Spurred by a spate of closed committee meetings during the 2003 legislative session, the Press Club – a consortium of Idaho newspaper, radio and television outlets – went to court last May to determine what the framers of the constitution intended when they wrote that “the business of each house … shall be transacted openly and not in secret session.”

Much of the activity during legislative sessions involves the arcane, the routine, the downright boring – usually drawing only the lawmakers themselves along with a handful of journalists and special interest lobbyists.

But because high-profile issues are often sprinkled among the minutiae, the public should pay attention – and should have access to – all of it, said Jack Van Valkenburgh of the Idaho chapter of the American Civil Liberties Union.

“Your challenge is to get everybody to care about democracy and understand that politics is democracy in action,” Van Valkenburgh said. “People don’t understand about politics until they understand that they just got screwed somehow.”

The constitution became the media group’s focus since the Legislature has adopted the legal principle that the operating procedures of each chamber are subject only to constitutional restrictions, not state law. Lawmakers contend that as a separate branch of government, their rules trump all.

Those rules allow closed committee meetings for any reason as long as two-thirds of the committee members approve, but they are rarely invoked.

Since 1990, of the thousands of committee meetings held in the Capitol, only six have been closed.
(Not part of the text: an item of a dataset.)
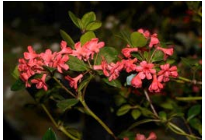
Rhododendron lochiae or variosum hybrid (BE)

But five of those occurred in 2003 and prompted media leaders to act before a trend could take hold. Three involved briefings on court cases that were still in progress. The fourth was closed so environmental regulators could discuss the vulnerability of drinking water systems to terrorism, and the fifth covered procedures that would be used to consider tax increase bills in 2003.
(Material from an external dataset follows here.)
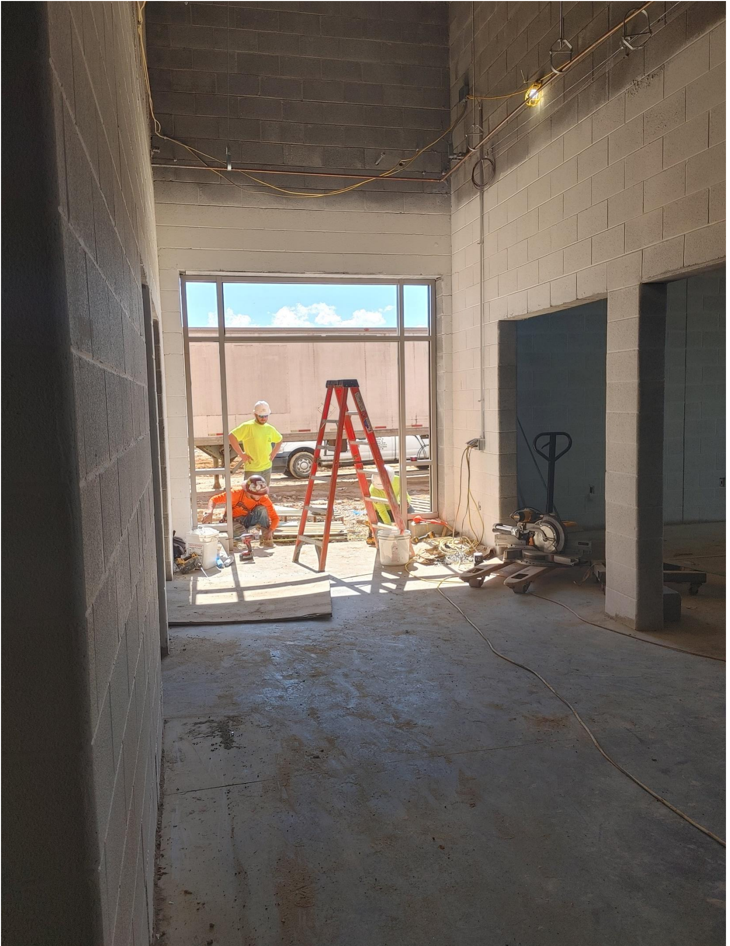
Photo 7 - Storefront SF21 is being set on the East side of Area D.

“Anytime you put any kind of element of secrecy or exclusiveness in something, there’s an inherent feeling of distrust there,” said Browning, news anchor at KPVI-TV in Pocatello.

Section 12 of the Idaho Constitution says “the business of each house, and of the committee of the whole shall be transacted openly and not in secret session.”

Browning says the constitution’s reference to “business” means what it says, and the vast majority of legislative decisions are made by committee. In most cases, those decisions are simply ratified by the full House and Senate.

Senate Republican Floor Leader Bart Davis, an Idaho Falls attorney who unsuccessfully sought a vacant seat on the state Supreme Court two years ago, has been a willing front man in defending the legislative right to close those meetings.

The constitution, he argues, applies only to the sessions of the full House and Senate, not their committees.

That argument is common in statehouses across the nation.

All 50 states have open meetings laws, but the laws in at least 17 states don’t cover legislative committees, and efforts in several to remove that exemption have repeatedly failed.

The fact that meetings often draw only journalists and lobbyists doesn’t make it any less important they be kept open, real estate developer Day says.

“We can’t be there,” Day says. “But as voters, these are the people we elect and they should be accountable, and we should have a right to hear what they’re saying.”

There may be some wiggle room among legislators.

Davis and House Speaker Bruce Newcomb agree the current rules allowing any meetings to be closed are too broad.

While they both want to preserve the Legislature’s right to make its own operating rules, each said the ability to close a committee meeting should be limited to discussion of lawsuits involving the Legislature.

In addition to lawsuits, state law allows closed sessions for personnel matters, labor and trade negotiations, land transactions and consideration of records that are not public.

On those issues, Davis said, or “anything else, in my opinion, the door should be open and the citizens of the state of Idaho are welcome to attend.”